[[ Input material, beginning ]]
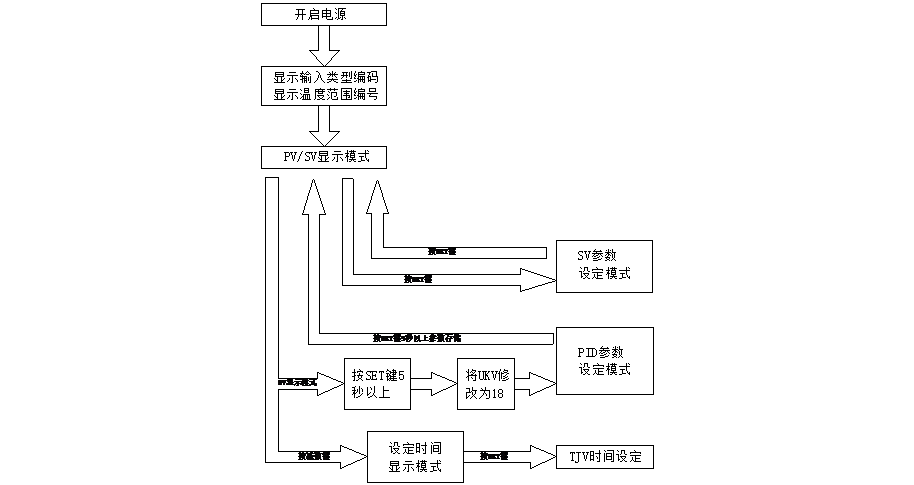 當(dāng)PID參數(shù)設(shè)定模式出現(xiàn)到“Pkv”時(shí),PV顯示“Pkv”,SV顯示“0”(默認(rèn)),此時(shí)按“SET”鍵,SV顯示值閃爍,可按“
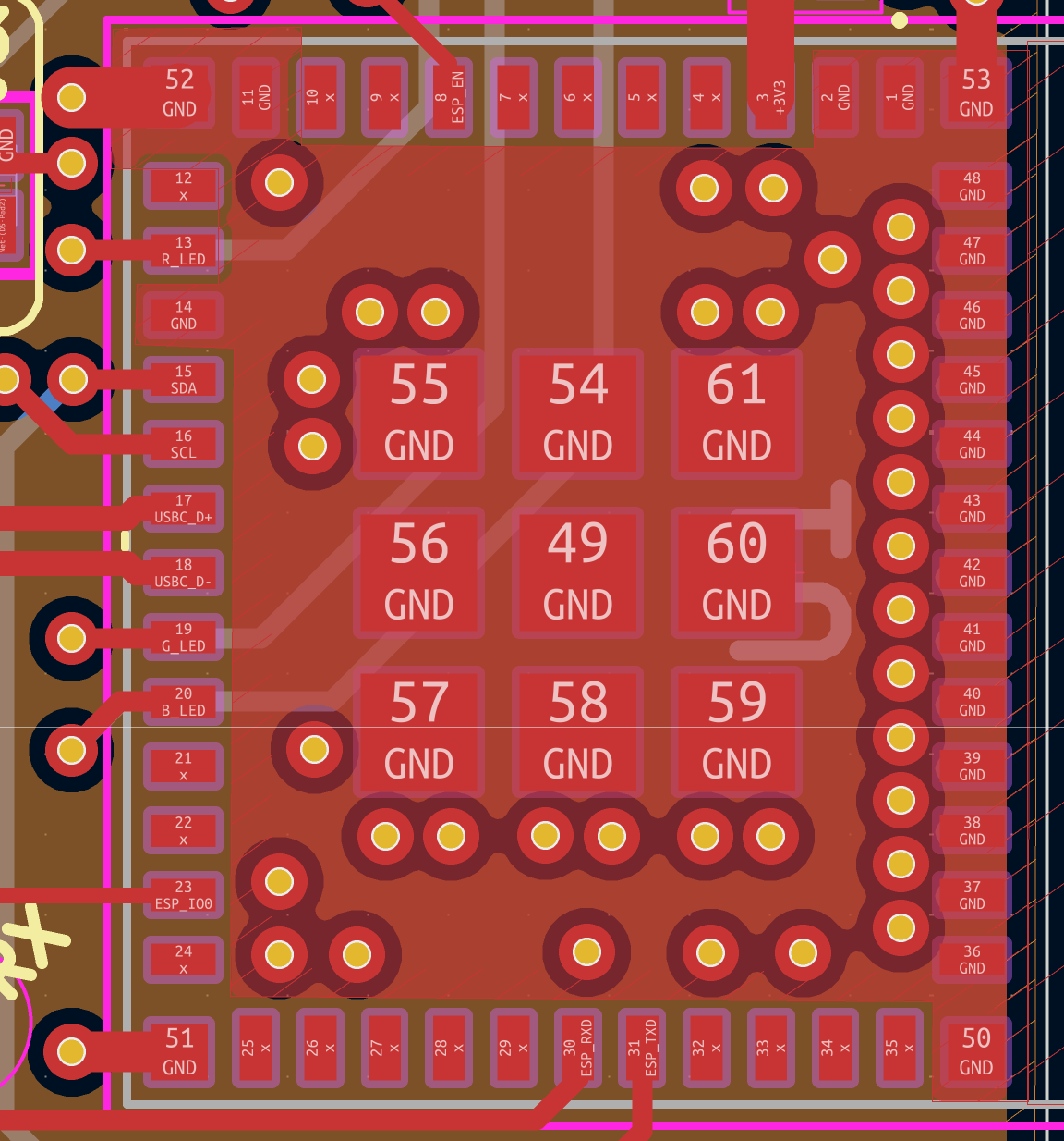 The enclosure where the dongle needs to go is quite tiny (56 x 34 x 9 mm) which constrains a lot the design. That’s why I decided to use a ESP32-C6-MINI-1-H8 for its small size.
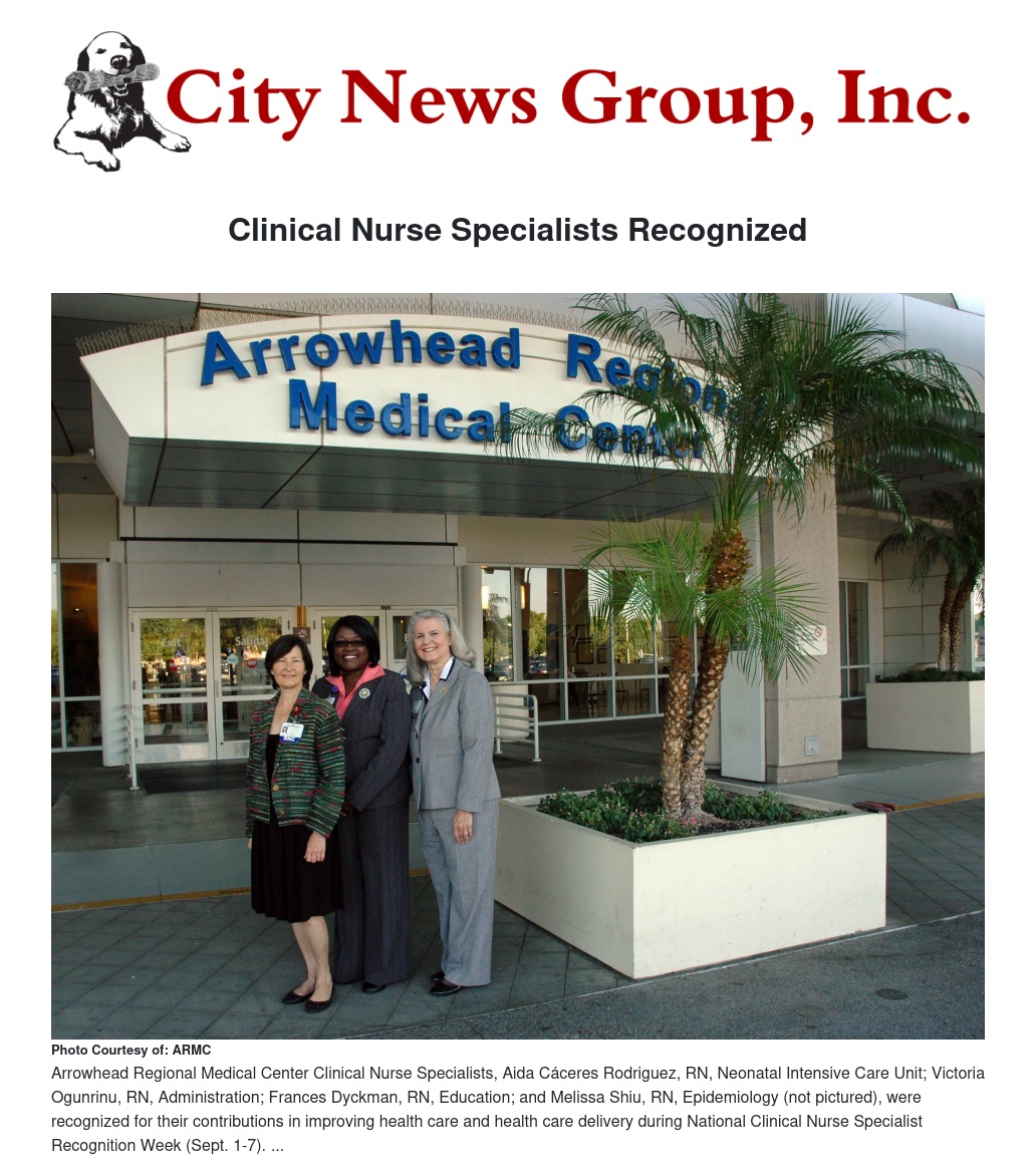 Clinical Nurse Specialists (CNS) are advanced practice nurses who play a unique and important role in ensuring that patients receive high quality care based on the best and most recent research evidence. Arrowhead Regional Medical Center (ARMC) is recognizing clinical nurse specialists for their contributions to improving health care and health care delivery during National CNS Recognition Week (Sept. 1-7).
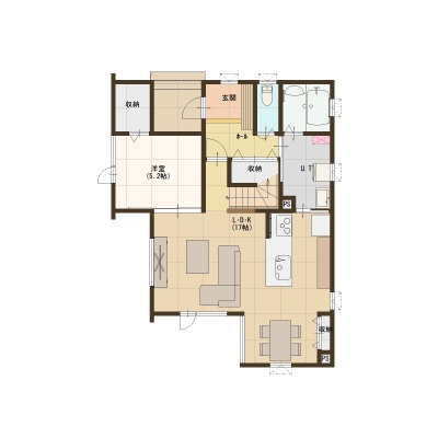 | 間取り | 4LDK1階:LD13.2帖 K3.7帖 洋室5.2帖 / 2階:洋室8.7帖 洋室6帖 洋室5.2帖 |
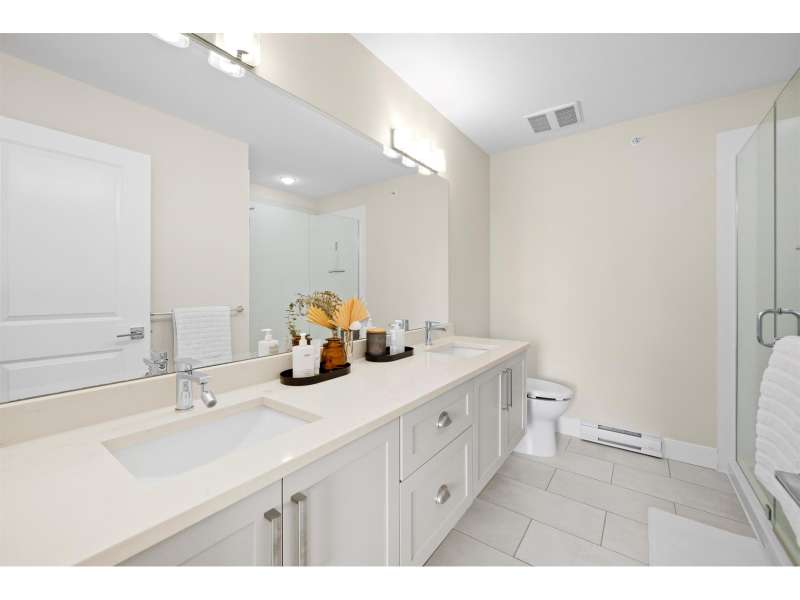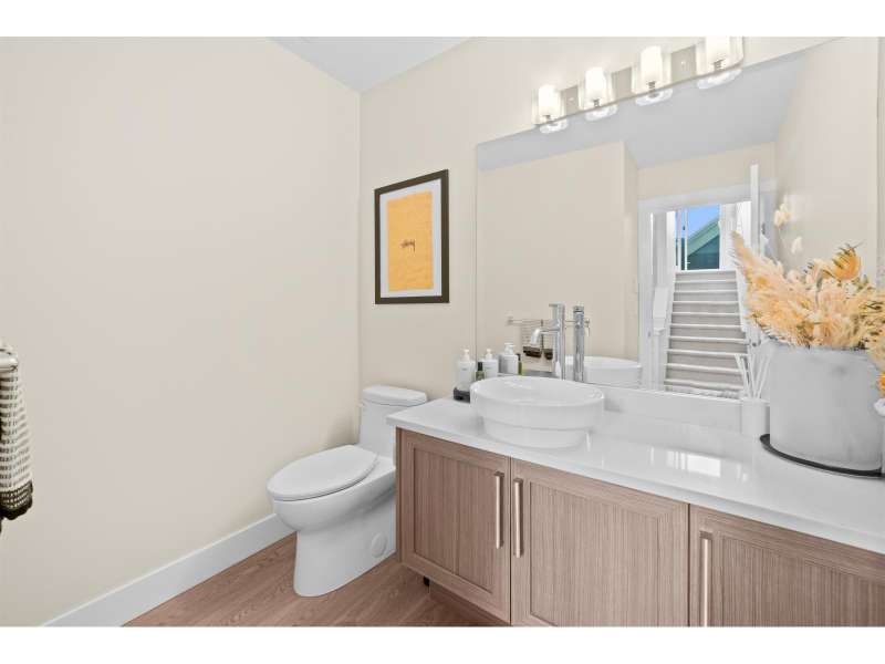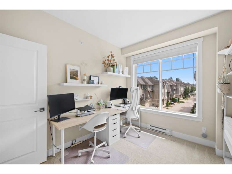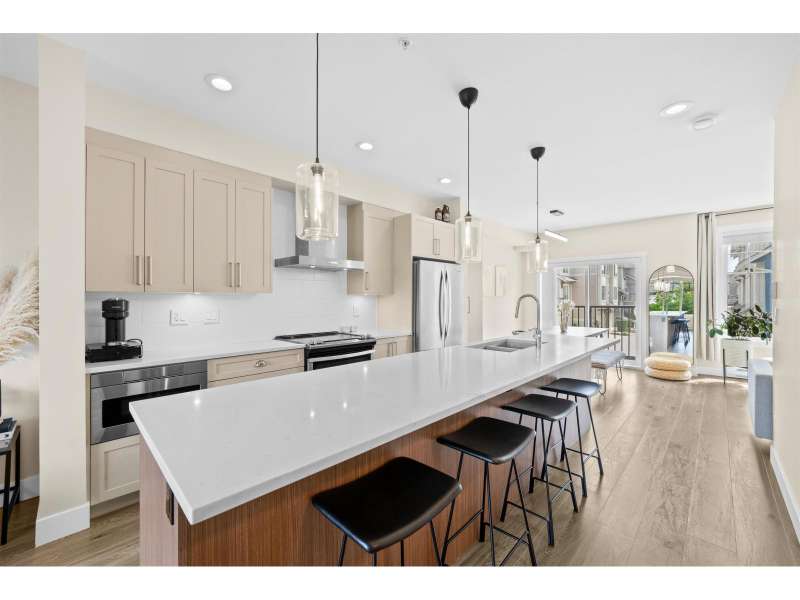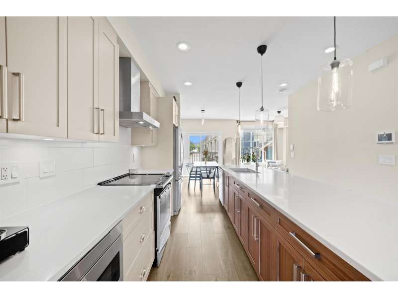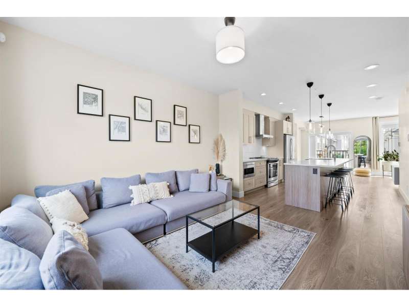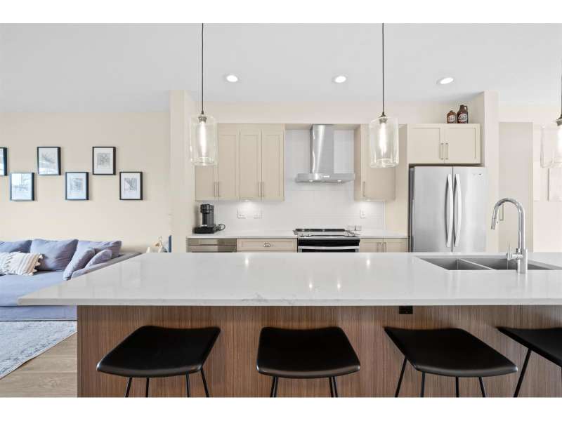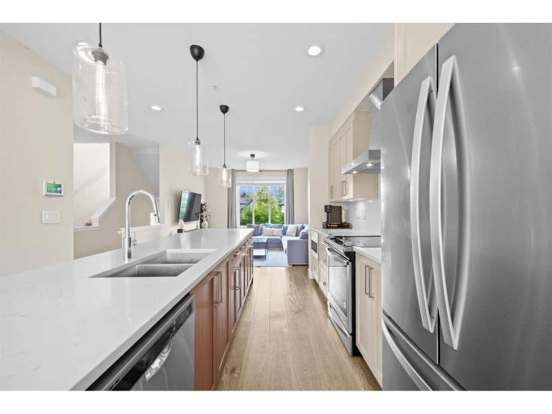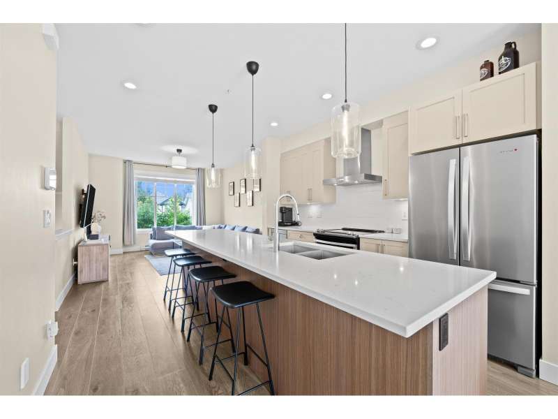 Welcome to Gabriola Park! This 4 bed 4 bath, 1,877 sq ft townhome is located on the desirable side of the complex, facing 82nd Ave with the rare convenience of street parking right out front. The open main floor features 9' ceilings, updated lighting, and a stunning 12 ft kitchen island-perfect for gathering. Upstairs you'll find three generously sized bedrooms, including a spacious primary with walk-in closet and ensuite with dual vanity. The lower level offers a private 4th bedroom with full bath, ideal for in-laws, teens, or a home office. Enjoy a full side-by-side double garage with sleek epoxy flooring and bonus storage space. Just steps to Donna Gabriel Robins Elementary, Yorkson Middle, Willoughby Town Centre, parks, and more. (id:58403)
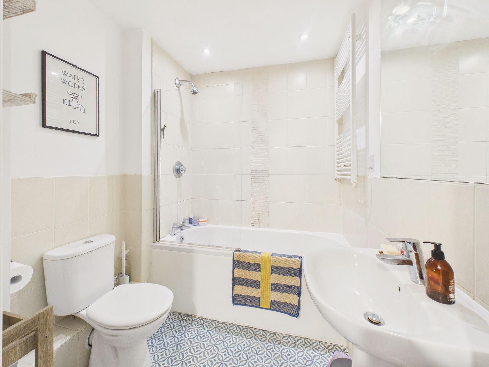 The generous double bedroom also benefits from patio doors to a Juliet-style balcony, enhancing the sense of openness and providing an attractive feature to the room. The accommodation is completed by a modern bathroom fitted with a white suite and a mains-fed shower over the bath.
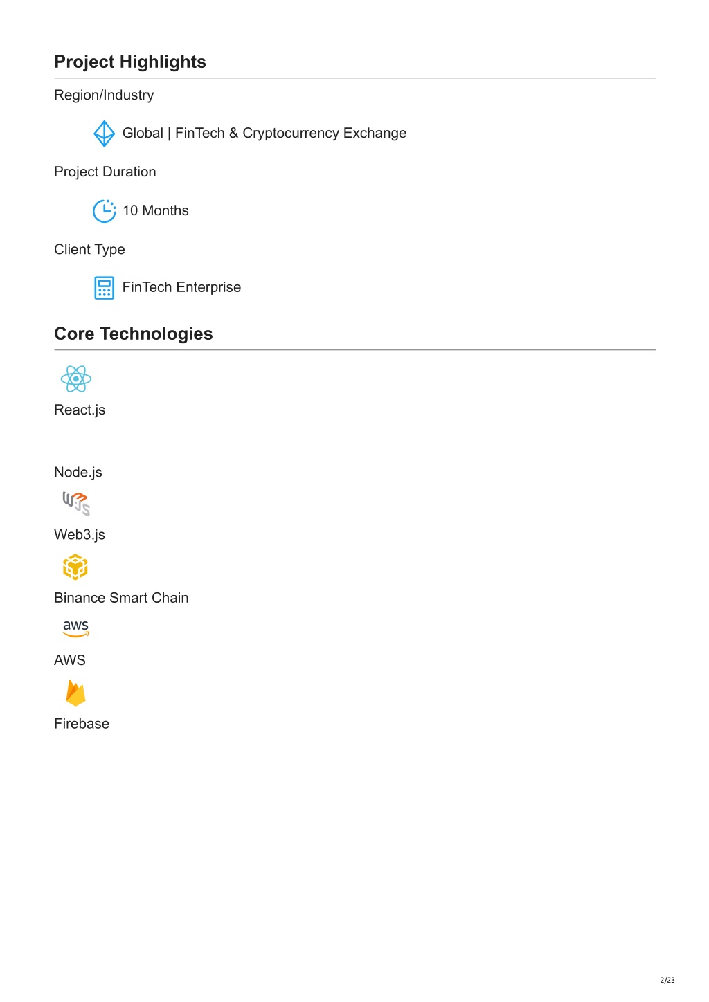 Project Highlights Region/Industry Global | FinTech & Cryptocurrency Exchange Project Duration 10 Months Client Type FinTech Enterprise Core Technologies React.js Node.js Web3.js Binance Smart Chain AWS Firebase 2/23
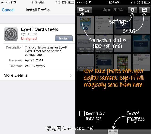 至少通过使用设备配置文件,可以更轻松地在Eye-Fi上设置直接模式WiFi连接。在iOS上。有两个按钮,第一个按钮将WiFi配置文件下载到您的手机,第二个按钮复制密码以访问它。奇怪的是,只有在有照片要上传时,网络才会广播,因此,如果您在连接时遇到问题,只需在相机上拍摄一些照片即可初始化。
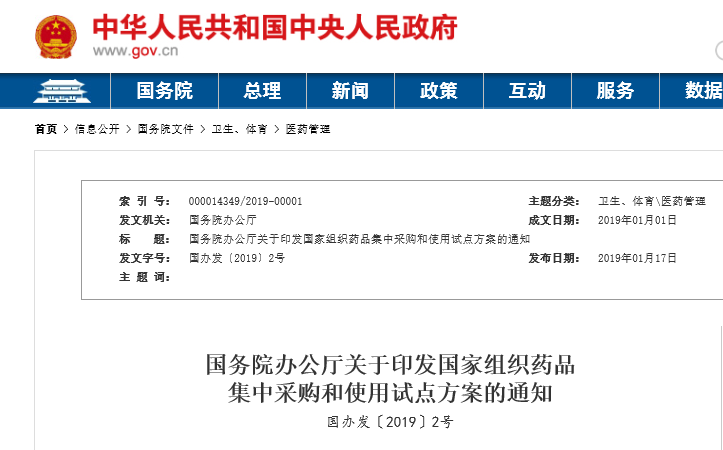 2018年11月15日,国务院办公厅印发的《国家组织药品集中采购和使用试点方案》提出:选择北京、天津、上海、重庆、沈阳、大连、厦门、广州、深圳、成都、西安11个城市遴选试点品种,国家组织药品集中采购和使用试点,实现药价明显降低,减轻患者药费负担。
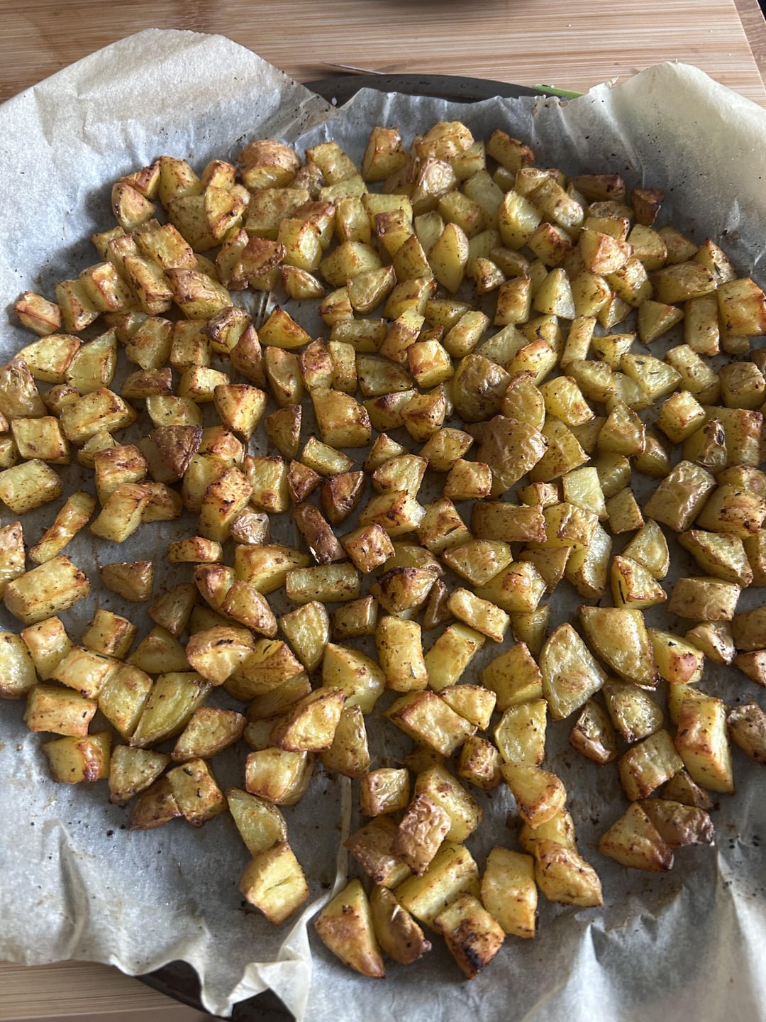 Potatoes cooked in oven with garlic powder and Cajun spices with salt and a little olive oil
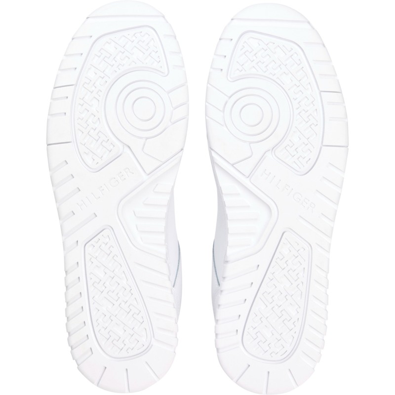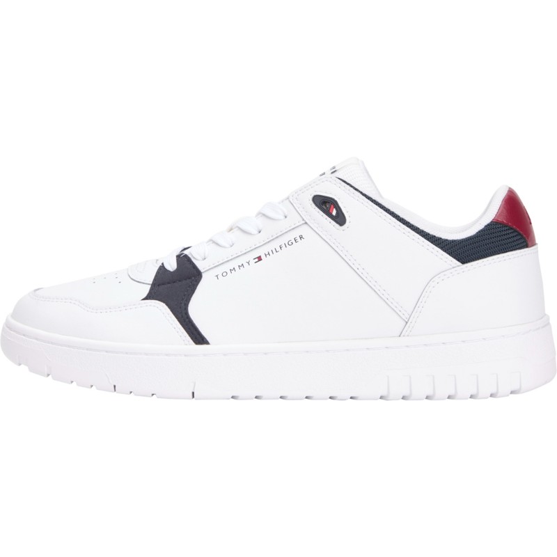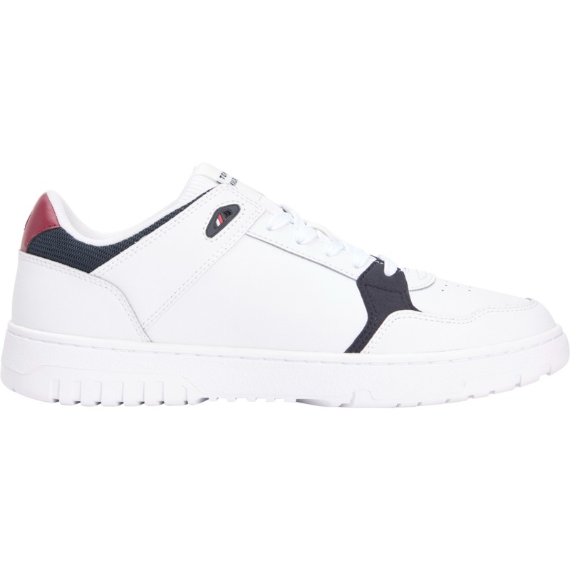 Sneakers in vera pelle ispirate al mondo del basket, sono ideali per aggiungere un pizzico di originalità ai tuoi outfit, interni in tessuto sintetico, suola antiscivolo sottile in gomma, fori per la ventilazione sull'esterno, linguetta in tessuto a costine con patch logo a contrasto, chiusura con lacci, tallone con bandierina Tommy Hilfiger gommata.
[[ Input material, end ]]
Write out, word for word, the lines from the start of the data through the one holding "洋室6帖 洋室5.2帖 |". Omit pictures.

--- Solved exercise ---
 當(dāng)PID參數(shù)設(shè)定模式出現(xiàn)到“Pkv”時(shí),PV顯示“Pkv”,SV顯示“0”(默認(rèn)),此時(shí)按“SET”鍵,SV顯示值閃爍,可按“
 The enclosure where the dongle needs to go is quite tiny (56 x 34 x 9 mm) which constrains a lot the design. That’s why I decided to use a ESP32-C6-MINI-1-H8 for its small size.
 Clinical Nurse Specialists (CNS) are advanced practice nurses who play a unique and important role in ensuring that patients receive high quality care based on the best and most recent research evidence. Arrowhead Regional Medical Center (ARMC) is recognizing clinical nurse specialists for their contributions to improving health care and health care delivery during National CNS Recognition Week (Sept. 1-7).
 | 間取り | 4LDK1階:LD13.2帖 K3.7帖 洋室5.2帖 / 2階:洋室8.7帖 洋室6帖 洋室5.2帖 |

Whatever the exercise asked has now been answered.